Closed jpzhangvincent closed 1 year ago

jpzhangvincent commented 1 year ago

It seems the example(i.e Z-test) in the notebook(frequentist) is only for analyzing the binary metrics(like conversion rate). Does this package also support T-test for continuous variable? I saw the StudentsTTest requires to input both numerator_column and denominator_column columns (from a contingency table format?) so I'm not sure whether it's possible to perform the two-sample T-test just on one continuous variable column with the API. Any example and documentation would be appreciated!

iampelle commented 1 year ago

See the example starting in cell 12 of the frequentist notebook. The df has a nr_of_items column passed to numerator_column and a nr_of_items_sumsq passed to the numerator_sum_squares_column of the ZTest. These two columns are used together with the denominator_column to compute the variance of the continuous metric.

If you prefer you can use the StudentsTTest class instead of the ZTest class.

jpzhangvincent commented 1 year ago

See the example starting in cell 12 of the frequentist notebook. The df has a nr_of_items column passed to numerator_column and a nr_of_items_sumsq passed to the numerator_sum_squares_column of the ZTest. These two columns are used together with the denominator_column to compute the variance of the continuous metric.

If you prefer you can use the StudentsTTest class instead of the ZTest class.

I'm still a bit confused about the set up of the data frame. Just to confirm, it doesn't seem like each row represent a sample. Does the nr_of_items mean the average of a continuous variable of interest in a variant group, nr_of_items_sumsq represents the sum(x_i - x_mean)^2 and user means the number of sample size in a variant group? And the API expects the user to pre-calculate those statistics and construct the data frame like that. I'm wondering whether it's better to have a simpler API interface like scipy.stats.ttest_* to simply pass into two list of observations.

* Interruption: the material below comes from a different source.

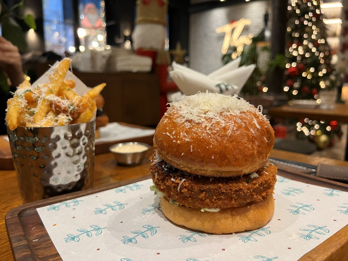 To se najjasnije vidi na primeru Christmas Burgera, koji je postavljen kao glavni adut menija. Sastav je prilično konkretan i ne ostavlja prostor za „praznu priču”: majonez od žalfije, coleslaw od kupusa, celera, jabuke i crvenog luka začinjen majonezom, burger od cepkane prasetine, čatni od suvih šljiva, svež vlašac i microplane parmezan.

iampelle commented 1 year ago

At Spotify the sample size is often in the hundreds of millions, and then it's not very convenient to pass in every single observation, so we prefer using summary statistics.

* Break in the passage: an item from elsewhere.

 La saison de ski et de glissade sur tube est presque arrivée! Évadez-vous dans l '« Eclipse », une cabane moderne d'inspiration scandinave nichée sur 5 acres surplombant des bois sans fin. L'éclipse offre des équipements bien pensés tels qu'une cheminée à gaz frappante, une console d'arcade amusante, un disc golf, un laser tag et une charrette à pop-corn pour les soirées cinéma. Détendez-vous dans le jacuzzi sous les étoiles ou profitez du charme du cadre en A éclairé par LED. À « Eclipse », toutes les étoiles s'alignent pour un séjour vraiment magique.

To make it more concrete, let's imagine that nr_of_items is the number of playlists a Spotify user has created. Let's say we have five users in the control group who created 3,2,4,0,1 playlists respectively. Then nr_of_items would be the sum, 3+2+4+0+1=10 and nr_of_items_sumsq would be 3^2+2^2+4^2+0^2+1^2=30 and users would be 5. Similarly for the treatment group. Internally we can use these summary statistics to compute mean as nr_of_items/users and the variance as nr_of_items_sumsq/users-nr_of_items/users^2 and then we can use that to compute test-statistics and confidence intervals.

Does that make sense?

jpzhangvincent commented 1 year ago

At Spotify the sample size is often in the hundreds of millions, and then it's not very convenient to pass in every single observation, so we prefer using summary statistics.

To make it more concrete, let's imagine that nr_of_items is the number of playlists a Spotify user has created. Let's say we have five users in the control group who created 3,2,4,0,1 playlists respectively. Then nr_of_items would be the sum, 3+2+4+0+1=10 and nr_of_items_sumsq would be 3^2+2^2+4^2+0^2+1^2=30 and users would be 5. Similarly for the treatment group. Internally we can use these summary statistics to compute mean as nr_of_items/users and the variance as nr_of_items_sumsq/users-nr_of_items/users^2 and then we can use that to compute test-statistics and confidence intervals.

Does that make sense?

Ah .. that makes sense for the ease of computation and scalability. It takes me a while to wrap my head around but glad I understand better on the motivation now. It would be great to have some documentation on the notebook example and API. Thanks!